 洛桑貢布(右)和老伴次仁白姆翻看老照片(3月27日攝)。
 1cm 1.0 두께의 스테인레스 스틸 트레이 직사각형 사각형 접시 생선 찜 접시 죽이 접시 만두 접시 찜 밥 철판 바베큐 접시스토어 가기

____________

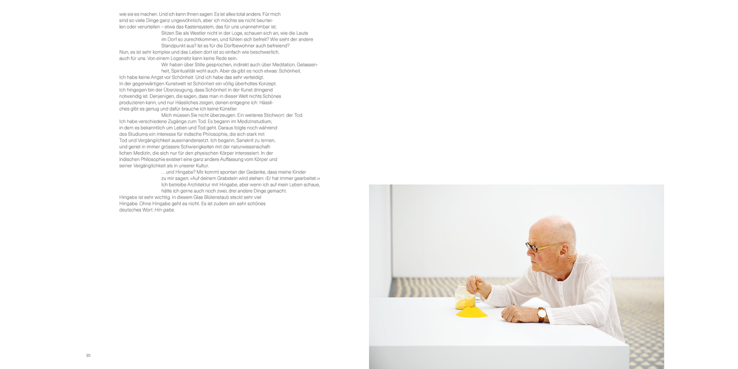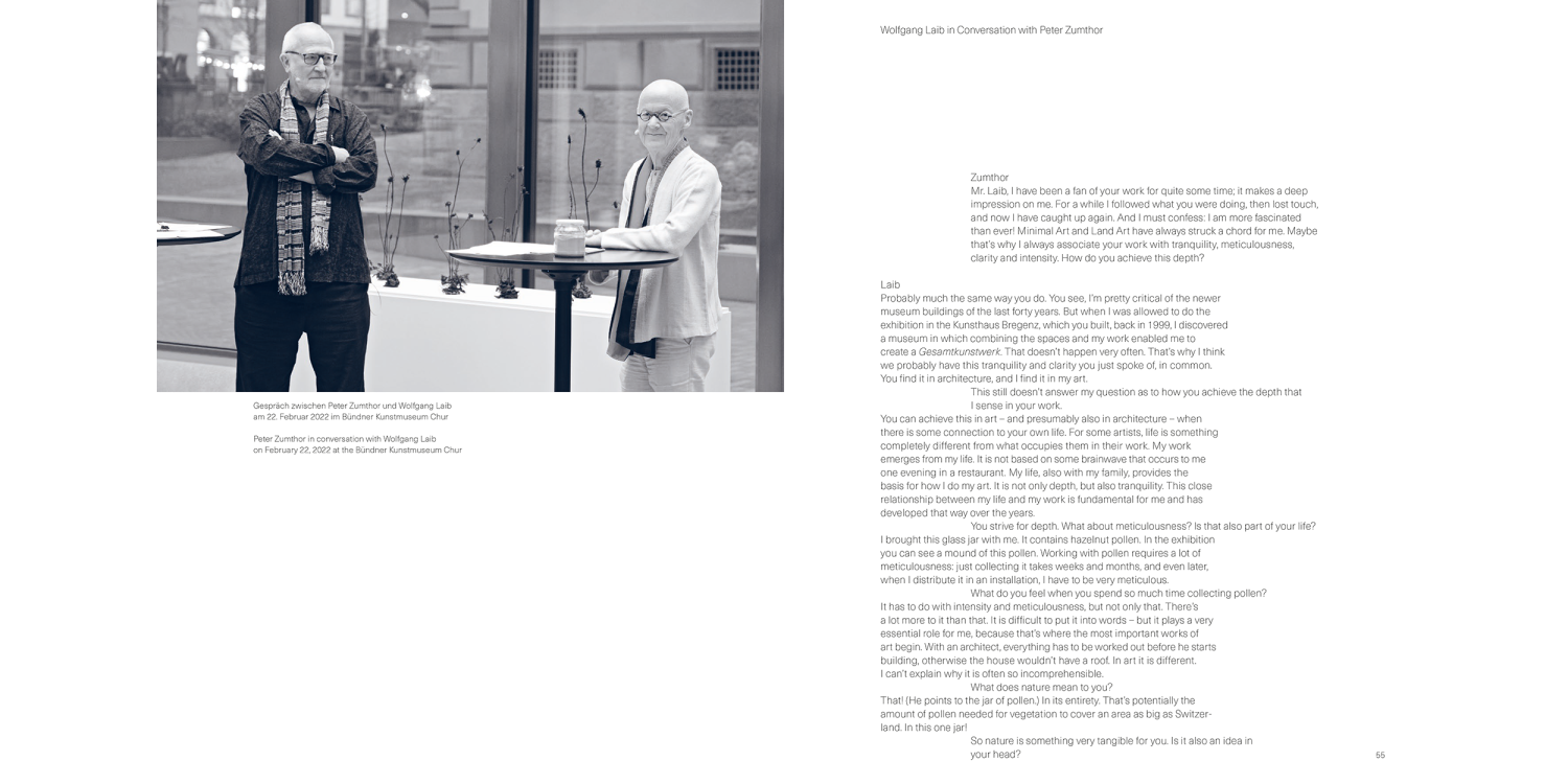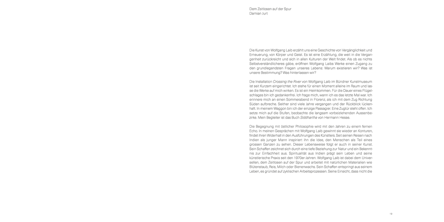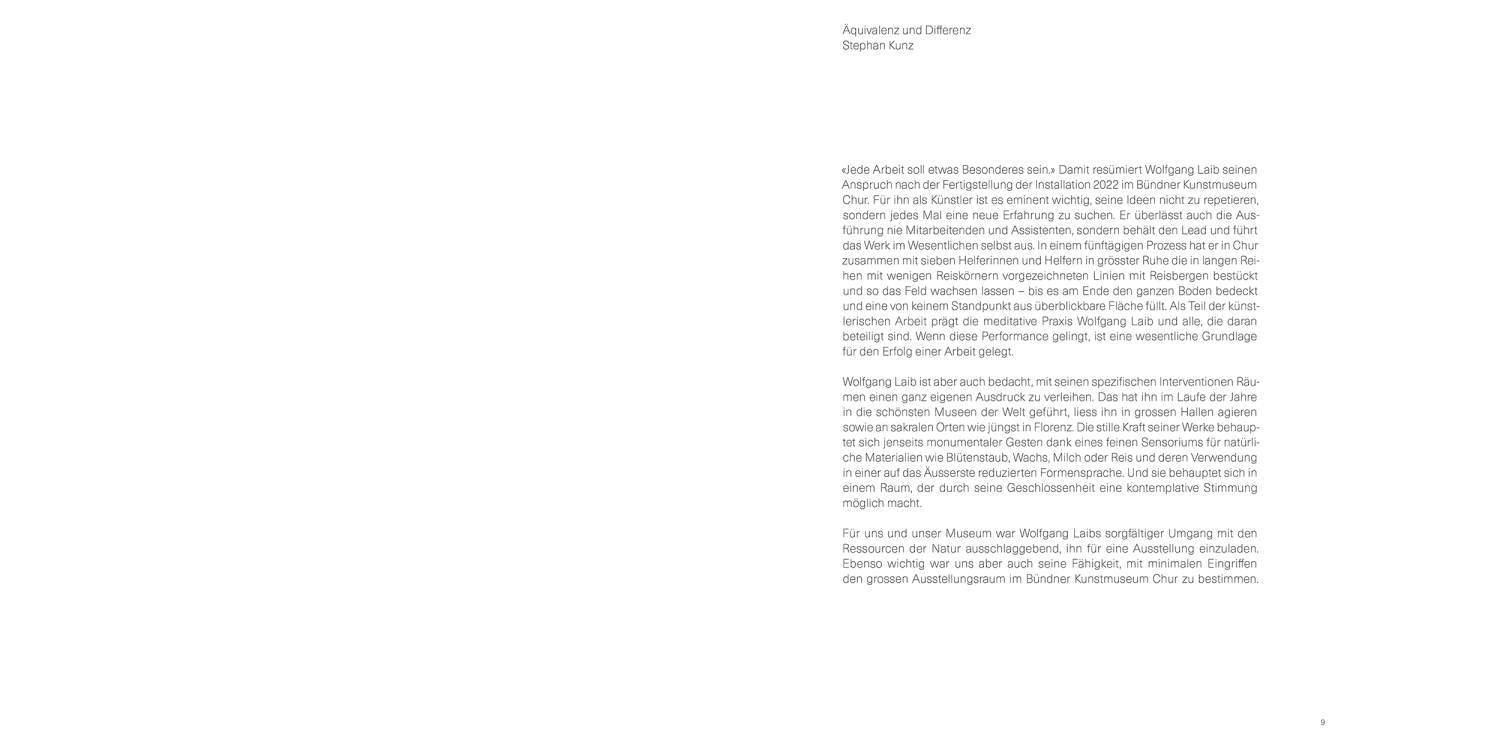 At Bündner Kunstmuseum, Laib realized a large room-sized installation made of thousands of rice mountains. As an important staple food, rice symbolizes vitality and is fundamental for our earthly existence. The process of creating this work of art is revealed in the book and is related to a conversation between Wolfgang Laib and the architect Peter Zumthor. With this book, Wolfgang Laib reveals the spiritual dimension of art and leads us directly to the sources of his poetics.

____________

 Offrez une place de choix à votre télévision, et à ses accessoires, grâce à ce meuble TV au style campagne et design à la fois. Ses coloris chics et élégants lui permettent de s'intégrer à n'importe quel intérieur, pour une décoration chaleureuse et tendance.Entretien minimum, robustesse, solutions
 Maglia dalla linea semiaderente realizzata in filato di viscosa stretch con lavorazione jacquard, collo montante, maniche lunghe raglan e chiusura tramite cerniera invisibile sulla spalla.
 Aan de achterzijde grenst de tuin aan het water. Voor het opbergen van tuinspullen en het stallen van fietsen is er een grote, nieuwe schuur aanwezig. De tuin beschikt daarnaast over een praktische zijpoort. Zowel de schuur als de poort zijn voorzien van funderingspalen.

____________

**AIM OF THE TASK**
Return, with no change at all, every line in the entries above from the line containing "Offrez une place" through the line containing "Maglia dalla linea".

**EXERCISE ANSWER**
 Offrez une place de choix à votre télévision, et à ses accessoires, grâce à ce meuble TV au style campagne et design à la fois. Ses coloris chics et élégants lui permettent de s'intégrer à n'importe quel intérieur, pour une décoration chaleureuse et tendance.Entretien minimum, robustesse, solutions
 Maglia dalla linea semiaderente realizzata in filato di viscosa stretch con lavorazione jacquard, collo montante, maniche lunghe raglan e chiusura tramite cerniera invisibile sulla spalla.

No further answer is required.